PRINCE GEORGE'S EDUCATION

State Board Reprimands System Over Test Scores

Officials Are Ordered To Improve Academics

Washington Post Staff Writers
Thursday, October 26, 2006; Page B02

BALTIMORE, Oct. 25 -- After three consecutive years of inadequate test scores, the Prince George's County school system was placed under "corrective action" by the Maryland State Board of Education yesterday.

That label has been given to only one other system in Maryland -- Baltimore schools -- and under the federal No Child Left Behind law, it carries a range of potential sanctions, including a possible state takeover of low-performing schools.


Prince George's Superintendent John E. Deasy wants to move staff to the system's worst schools and improve teacher recruitment.
Prince George's Superintendent John E. Deasy wants to move staff to the system's worst schools and improve teacher recruitment. (By Michel Du Cille -- The Washington Post)

In March, the state board attempted to place 11 Baltimore schools under independent management, but Democratic legislators intervened and delayed the action by a year.

Although it raised the hammer, the board did not bring it down on Prince George's yesterday. State School Superintendent Nancy S. Grasmick recommended no sanctions, saying the county's new schools chief had presented a plan to address the district's most serious academic problems.

John E. Deasy, a California educator hired in May to lead the 134,000-student system, "understands what has to happen," Grasmick said before the board unanimously approved her recommendations. "He understands, as we do, the urgency."

Deasy has vowed to raise the county's test scores, which have increased in recent years, by reallocating staff to the system's worst-performing schools, bolstering teacher recruitment and retention, improving parental participation, and giving children more opportunities and better training to participate in Advanced Placement courses.

"You need not be concerned about the level of gravity in which we take it," Deasy told the board. "You need to be concerned about the celebration when we meet our goals."

Grasmick also recommended continuing a course of corrective action for Baltimore schools yesterday and lifted a less-serious "school system improvement" status for Charles, St. Mary's, Allegany, Cecil, Dorchester, Kent and Somerset counties.

The board's actions coincided with the release of Annual Yearly Progress reports for the state's 24 school systems and for individual high schools.

The reports showed that high schools fared better in 2006 than in 2005 on state tests, reflecting improved scores in reading and math. Four Washington area high schools, two each in Montgomery and Anne Arundel counties, tested well enough to leave Maryland's school improvement watch list. Twenty-two high schools in the region, 19 of them in Prince George's, remain on the list.

The release of the data, the standard of success under the No Child law, also meant that some schools were placed on the state's improvement watch list.

Four of 24 comprehensive high schools in Montgomery -- Magruder, Montgomery Blair, Northwest and Quince Orchard -- failed to make adequate progress in 2006. In every case, the problem was poor reading performance among special education students on the English assessment.

John F. Kennedy High School staff members "really have worked hard over the past two years, focusing on what they needed to do" to improve performance in the special education community, said Heath Morrison, a Montgomery education official who oversees Kennedy and Blair.

Of Blair's failure to make adequate improvement, Morrison said he thinks it missed by the statistical equivalent of half a student -- in a school that has about 3,000 students.

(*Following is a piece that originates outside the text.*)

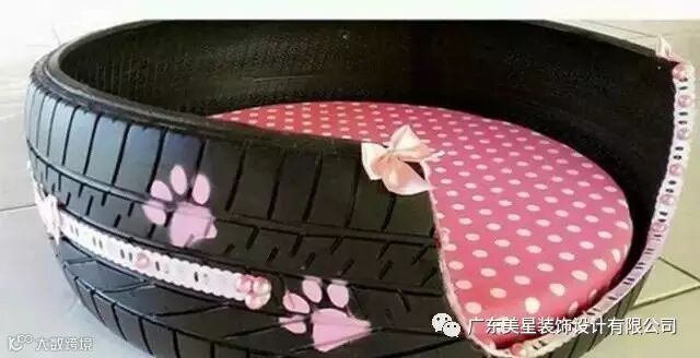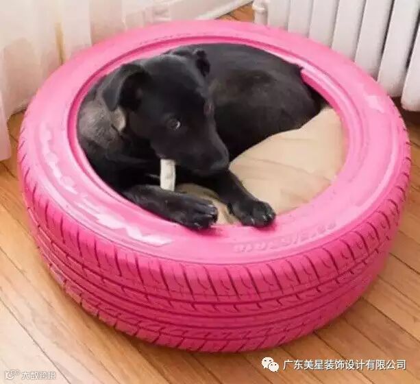 将旧轮胎清洗干净后,用刀切出一个小口以便宠物可以进出,再贴上一些滑步,放上一个垫子,就是宠物的小窝啦。

He said administrators are frustrated that performance by a comparatively small statistical subgroup of students can lead a whole school to be labeled a failure.

But Montgomery's standing improved on the school watch list, which is limited to schools that have missed their targets for two or more years. Only one high school, Montgomery Blair, remains on the list this year, having missed its goals for three years. Two other high schools, Gaithersburg and Kennedy, reached their targets.